11. Term and Termination; Amendments

These Terms of Service come into force on the Publication Date. These Terms of Service shall apply to the Service for as long as the Service is used and available or until new updated Terms of Service are published after which the updated Terms of Service shall apply. We may modify these Terms of Service periodically, citing reasons such as legal or regulatory compliance, security, adapting to changes in the Services or Our business practices, or preventing harm to Us or others. We will give reasonable advance notice of any substantial changes, except for updates related to new Service features or in urgent situations, such as for compliance or safety reasons. In the case of email notices, the date of receipt will be deemed as the date the notice is transmitted.

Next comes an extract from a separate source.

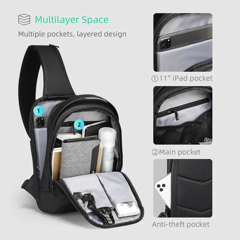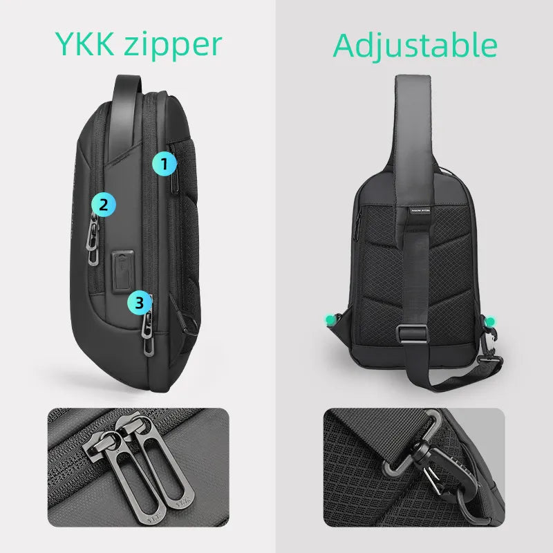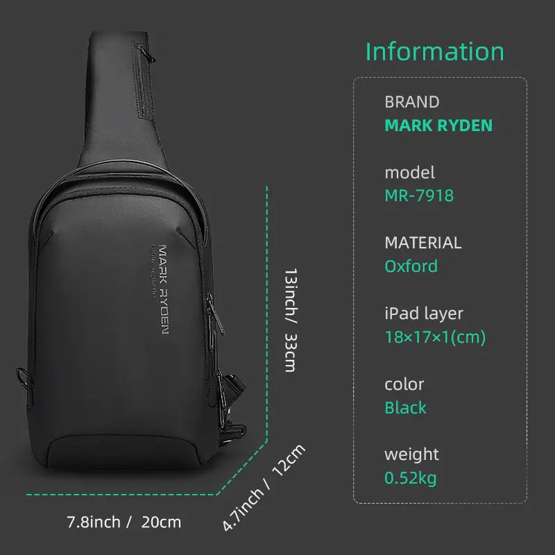 The Mark Ryden Sling Backpack MR7618 is a stylish and functional crossbody bag for men. Featuring a customizable design, USB charging port, and compact yet spacious compartments, it’s perfect for daily commutes, travel, or cycling. Durable, lightweight, and built for modern lifestyles.Product Description

Any disputes will be resolved based on the version of Terms of Service in effect at the time the dispute arose. Unless We specify otherwise in Our notice, Your use of the Services after any changes or amendments to the Terms of Service will signify Your acceptance of such changes or amendments. If You do not agree with the updated Terms of Service, You should cancel Your subscription and discontinue using the Services.

We reserve the right to terminate these Terms of Service and this Agreement with You immediately if You are in breach of any of these Terms of Service. Upon termination, the provision of Service will cease immediately, and We may delete all Your user content from the Service. However, please note that We have the right, though no obligation, to retain Your user content or parts of it, enabling You to reactivate Your subscription and continue using the Service.